HOW TO COMPLETE THIS TASK. Could the listing be repeated exactly, with every picture dropped?

DATA BLOCK.
%%

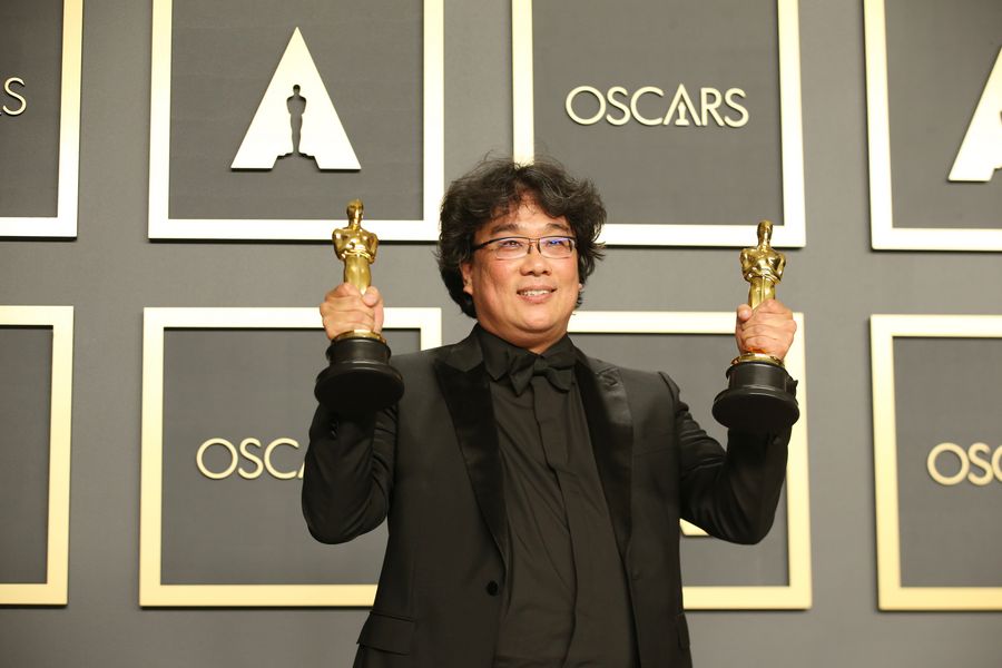 Bong Joon-ho poses for photos at the 92nd Academy Awards ceremony at the Dolby Theatre in Los Angeles, the United States, Feb. 9, 2020. (Xinhua/Li Ying)
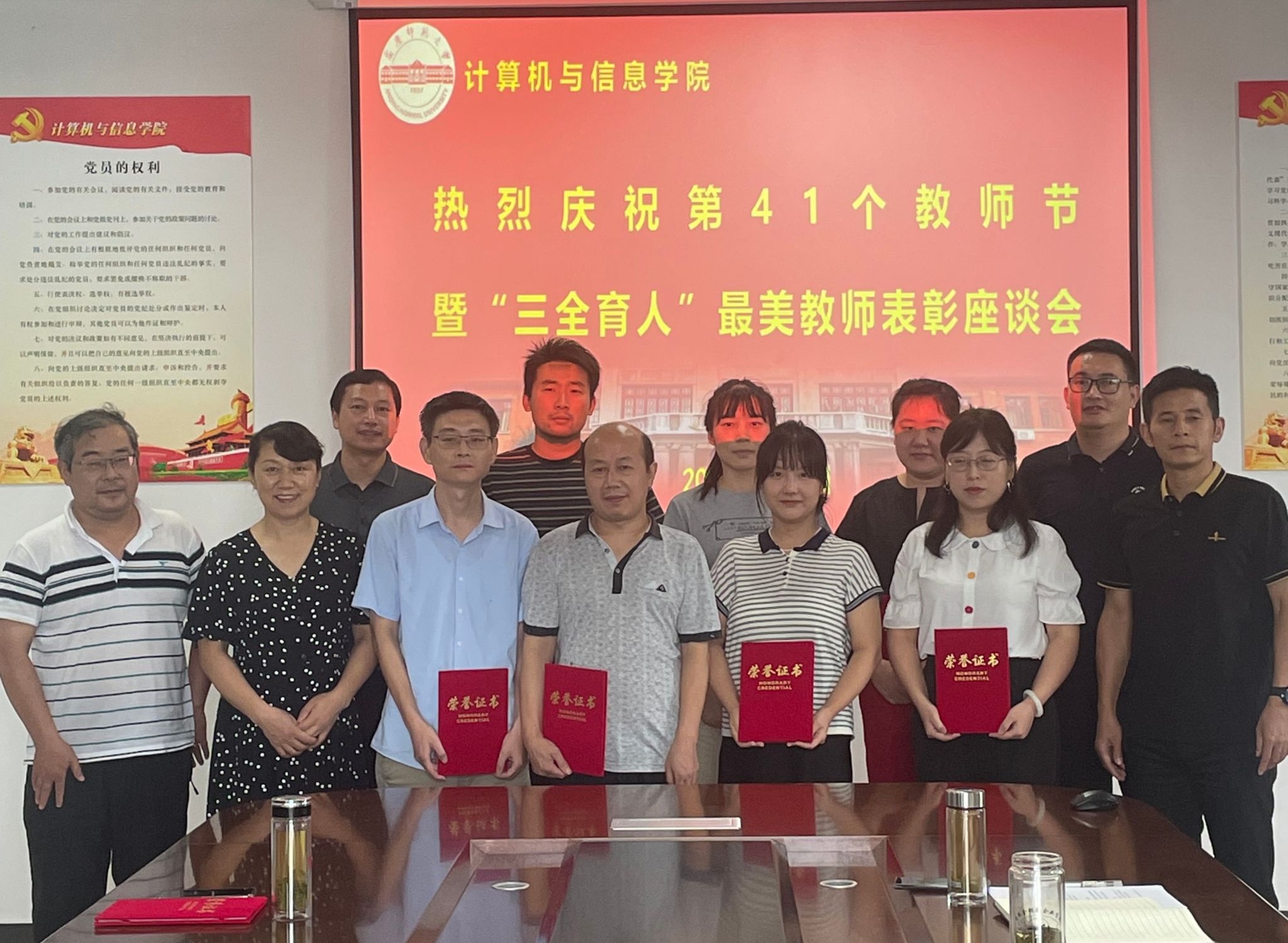 9月9日,计算机与信息学院在L楼318教室召开“庆祝第41个教师节暨‘三全育人’最美教师表彰座谈会”。学院领导班子成员、受表彰教师以及教职工代表参加座谈会。党委副书记肖之进主持会议。
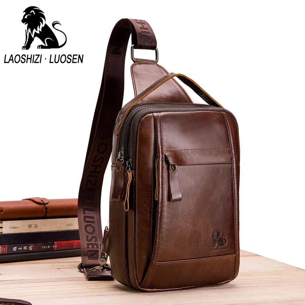 This men's leather chest bag is perfect for carrying essentials on the go. It features a spacious main compartment and adjustable strap for added convenience.
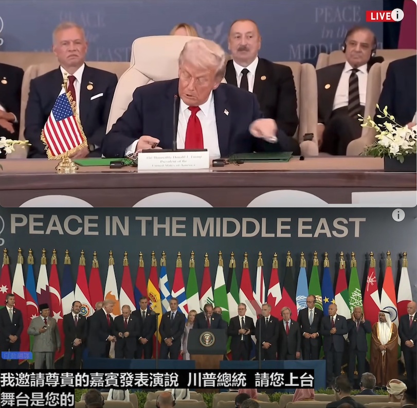 2025年10月13日,川普出席和平协议签署仪式并主持峰会。(视频截图)

%%

PROBLEM SOLUTION.
 Bong Joon-ho poses for photos at the 92nd Academy Awards ceremony at the Dolby Theatre in Los Angeles, the United States, Feb. 9, 2020. (Xinhua/Li Ying)
 9月9日,计算机与信息学院在L楼318教室召开“庆祝第41个教师节暨‘三全育人’最美教师表彰座谈会”。学院领导班子成员、受表彰教师以及教职工代表参加座谈会。党委副书记肖之进主持会议。
 This men's leather chest bag is perfect for carrying essentials on the go. It features a spacious main compartment and adjustable strap for added convenience.
 2025年10月13日,川普出席和平协议签署仪式并主持峰会。(视频截图)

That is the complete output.